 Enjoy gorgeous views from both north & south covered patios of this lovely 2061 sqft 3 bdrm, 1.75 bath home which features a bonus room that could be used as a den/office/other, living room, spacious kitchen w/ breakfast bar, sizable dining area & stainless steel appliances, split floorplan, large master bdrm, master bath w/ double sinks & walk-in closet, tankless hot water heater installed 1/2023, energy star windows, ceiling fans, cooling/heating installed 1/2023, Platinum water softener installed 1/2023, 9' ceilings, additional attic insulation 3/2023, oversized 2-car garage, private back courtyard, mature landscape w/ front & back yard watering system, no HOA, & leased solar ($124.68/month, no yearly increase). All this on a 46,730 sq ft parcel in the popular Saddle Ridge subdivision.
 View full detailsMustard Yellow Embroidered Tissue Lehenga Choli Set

+++

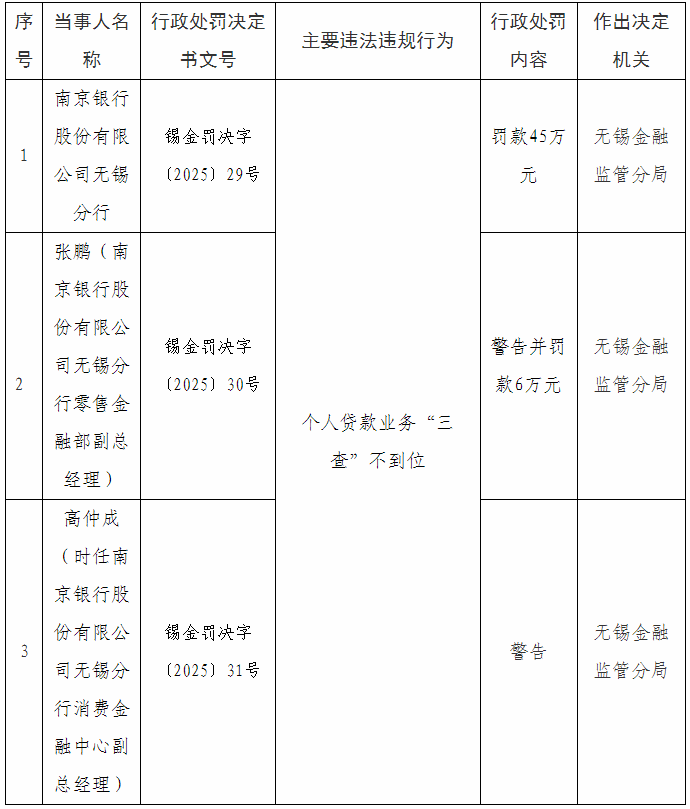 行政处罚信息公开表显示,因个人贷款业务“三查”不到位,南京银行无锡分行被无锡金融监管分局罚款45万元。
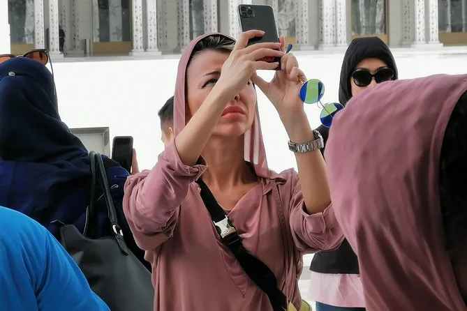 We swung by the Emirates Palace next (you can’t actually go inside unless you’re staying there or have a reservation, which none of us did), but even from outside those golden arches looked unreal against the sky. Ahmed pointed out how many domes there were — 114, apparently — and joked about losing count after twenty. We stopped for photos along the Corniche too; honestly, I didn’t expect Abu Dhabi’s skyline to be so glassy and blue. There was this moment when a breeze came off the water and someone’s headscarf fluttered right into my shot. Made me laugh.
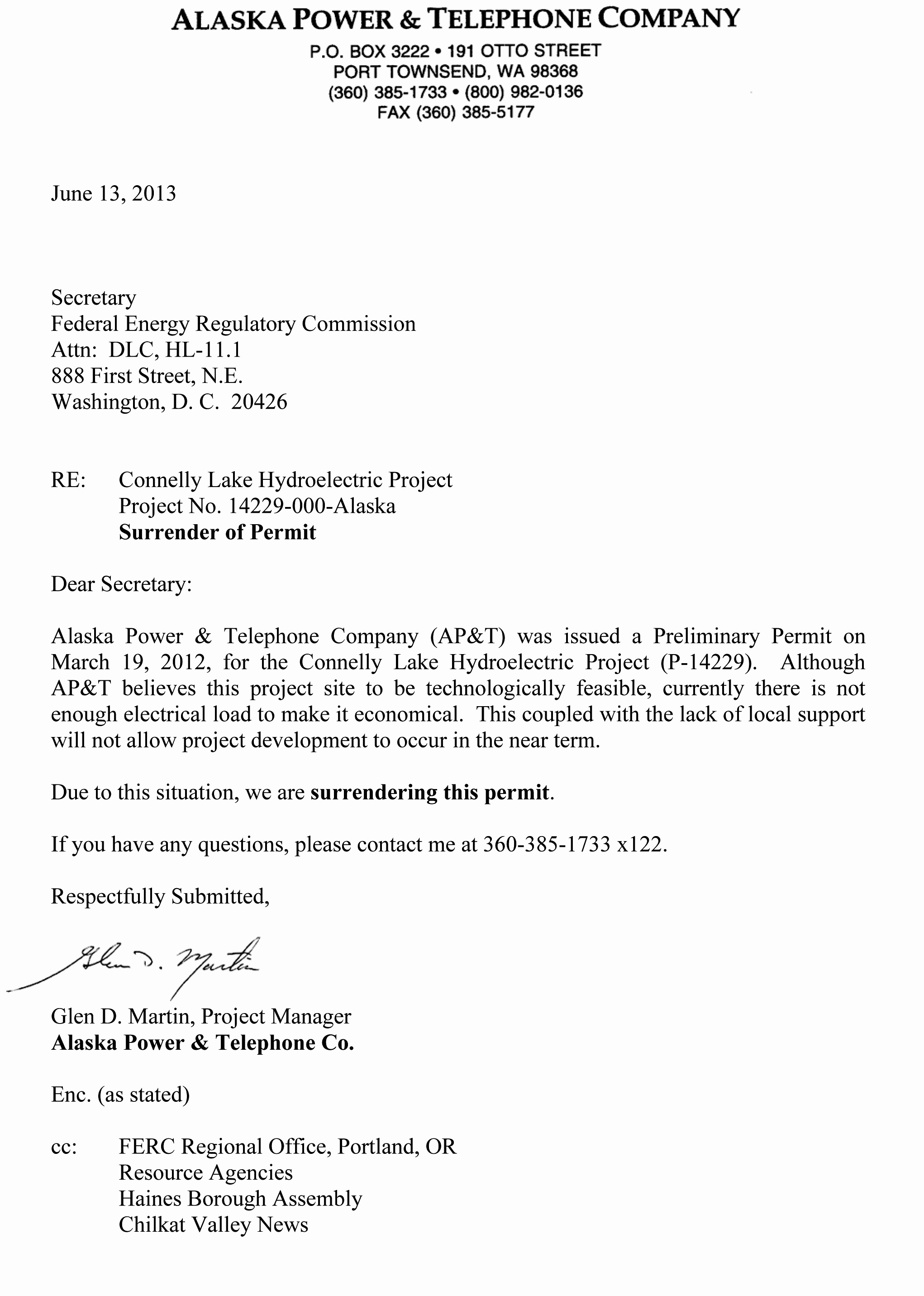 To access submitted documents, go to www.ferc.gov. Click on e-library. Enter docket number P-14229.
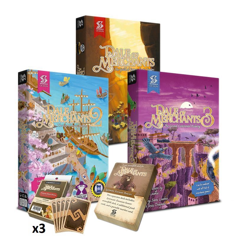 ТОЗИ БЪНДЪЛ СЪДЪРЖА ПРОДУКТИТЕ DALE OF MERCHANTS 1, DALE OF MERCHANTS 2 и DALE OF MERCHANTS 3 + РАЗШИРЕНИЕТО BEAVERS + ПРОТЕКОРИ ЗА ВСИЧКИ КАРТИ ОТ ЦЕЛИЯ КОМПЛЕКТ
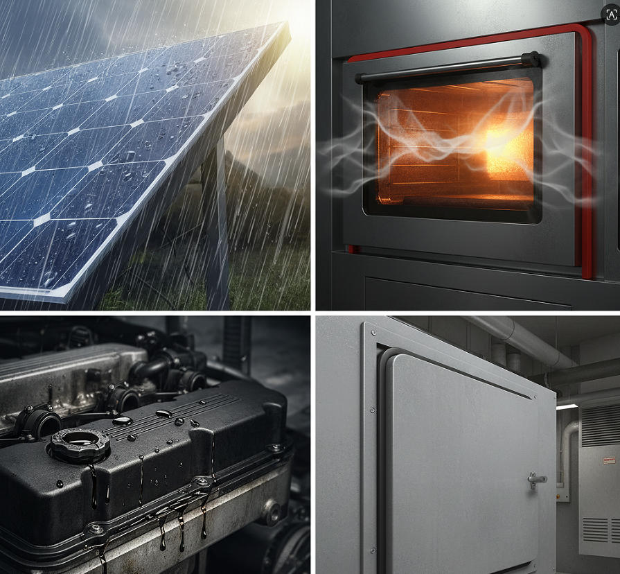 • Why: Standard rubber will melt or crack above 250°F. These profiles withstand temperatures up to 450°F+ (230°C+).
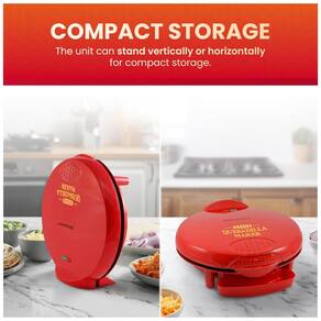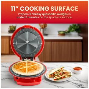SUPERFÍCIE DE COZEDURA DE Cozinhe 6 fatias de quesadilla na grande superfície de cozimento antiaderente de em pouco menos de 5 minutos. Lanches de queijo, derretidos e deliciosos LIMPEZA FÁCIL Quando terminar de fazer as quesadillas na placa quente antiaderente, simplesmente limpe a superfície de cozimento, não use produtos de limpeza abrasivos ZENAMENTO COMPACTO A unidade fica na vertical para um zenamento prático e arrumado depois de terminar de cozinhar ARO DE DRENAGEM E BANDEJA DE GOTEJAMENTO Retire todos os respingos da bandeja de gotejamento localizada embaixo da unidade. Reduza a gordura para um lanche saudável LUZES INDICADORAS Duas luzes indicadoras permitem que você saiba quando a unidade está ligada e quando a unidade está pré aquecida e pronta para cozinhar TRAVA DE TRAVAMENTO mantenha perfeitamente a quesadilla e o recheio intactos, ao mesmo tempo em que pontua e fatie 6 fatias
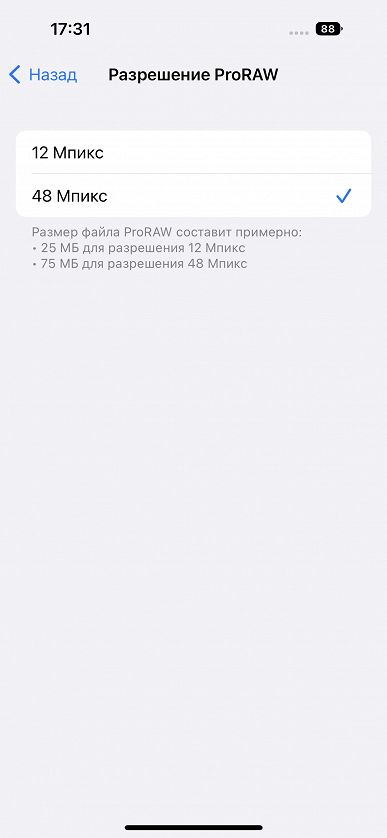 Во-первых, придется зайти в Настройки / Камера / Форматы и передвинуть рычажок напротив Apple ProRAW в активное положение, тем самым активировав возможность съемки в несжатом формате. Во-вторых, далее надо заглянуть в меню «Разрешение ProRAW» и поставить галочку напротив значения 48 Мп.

+++

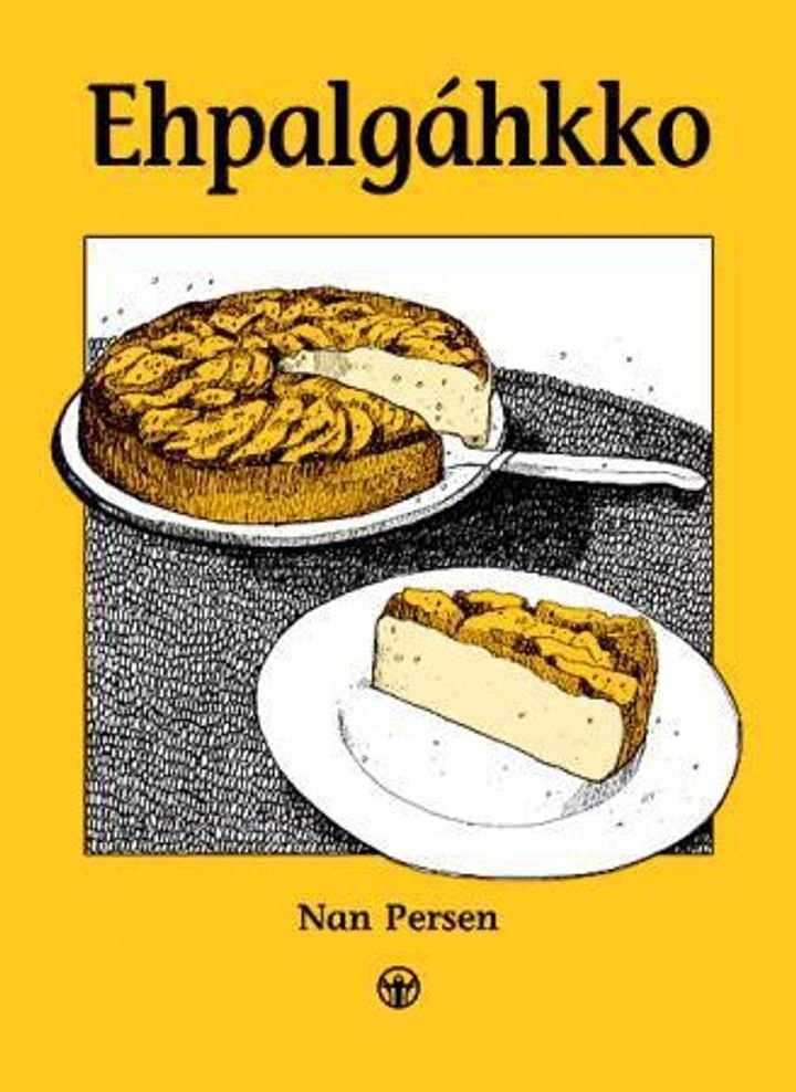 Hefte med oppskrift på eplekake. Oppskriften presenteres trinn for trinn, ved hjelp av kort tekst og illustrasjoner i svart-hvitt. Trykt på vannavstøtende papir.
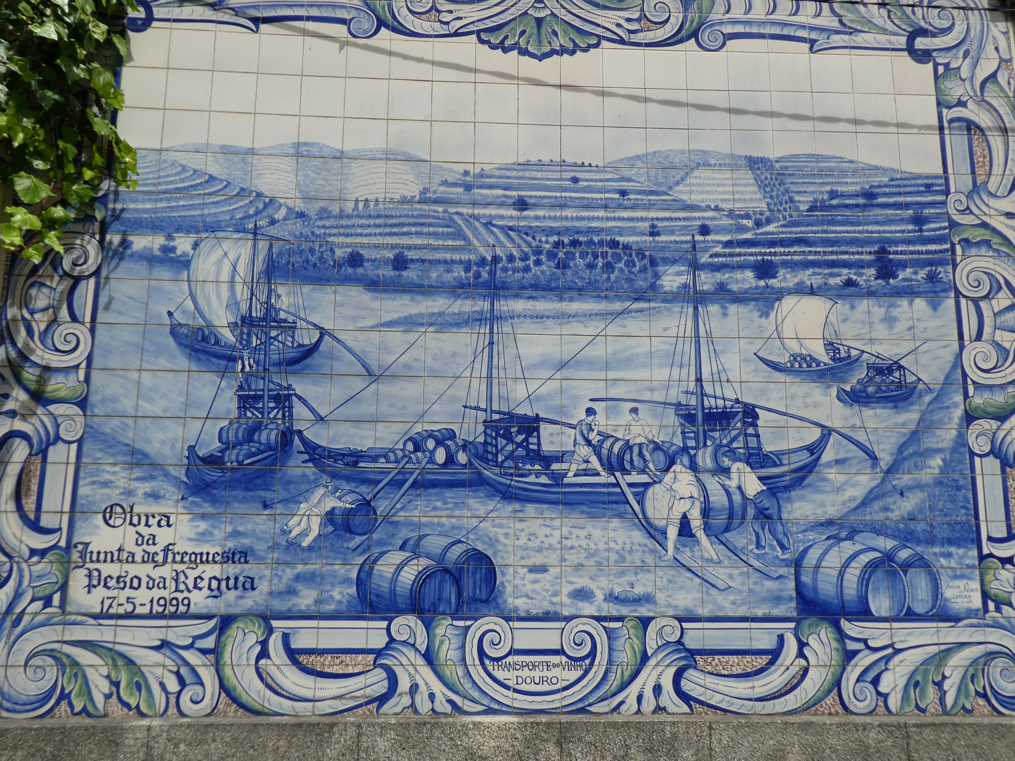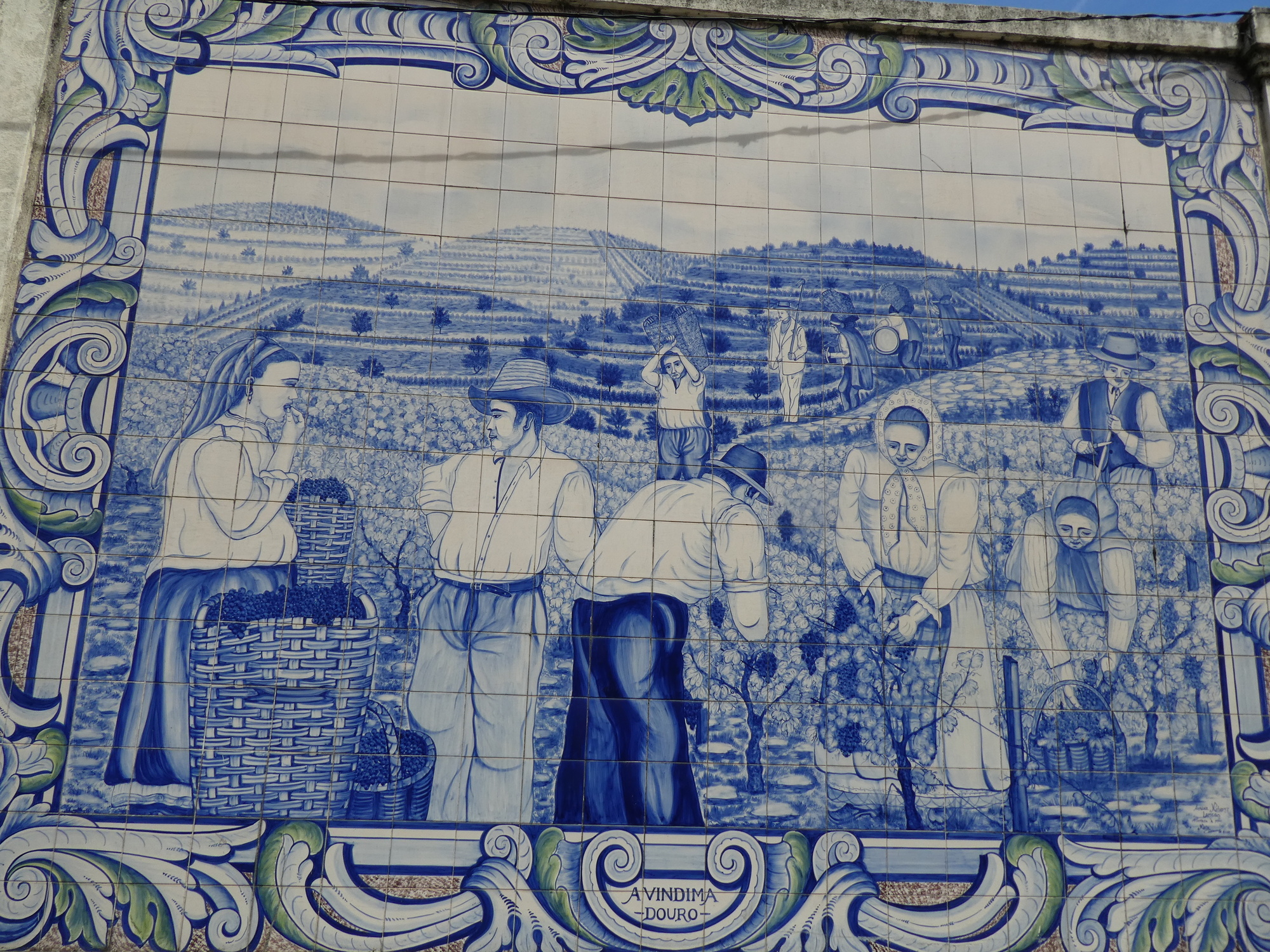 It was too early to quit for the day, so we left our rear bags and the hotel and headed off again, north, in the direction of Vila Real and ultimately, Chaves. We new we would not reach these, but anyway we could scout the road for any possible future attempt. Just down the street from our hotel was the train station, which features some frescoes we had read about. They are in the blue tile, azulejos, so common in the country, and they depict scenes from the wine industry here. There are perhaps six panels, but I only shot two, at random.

+++

● Work request
The answer is the run of lines above from the line containing "Enjoy gorgeous views" through the line containing "View full detailsMustard", copied exactly and alone.

● Answer to the exercise
 Enjoy gorgeous views from both north & south covered patios of this lovely 2061 sqft 3 bdrm, 1.75 bath home which features a bonus room that could be used as a den/office/other, living room, spacious kitchen w/ breakfast bar, sizable dining area & stainless steel appliances, split floorplan, large master bdrm, master bath w/ double sinks & walk-in closet, tankless hot water heater installed 1/2023, energy star windows, ceiling fans, cooling/heating installed 1/2023, Platinum water softener installed 1/2023, 9' ceilings, additional attic insulation 3/2023, oversized 2-car garage, private back courtyard, mature landscape w/ front & back yard watering system, no HOA, & leased solar ($124.68/month, no yearly increase). All this on a 46,730 sq ft parcel in the popular Saddle Ridge subdivision.
 View full detailsMustard Yellow Embroidered Tissue Lehenga Choli Set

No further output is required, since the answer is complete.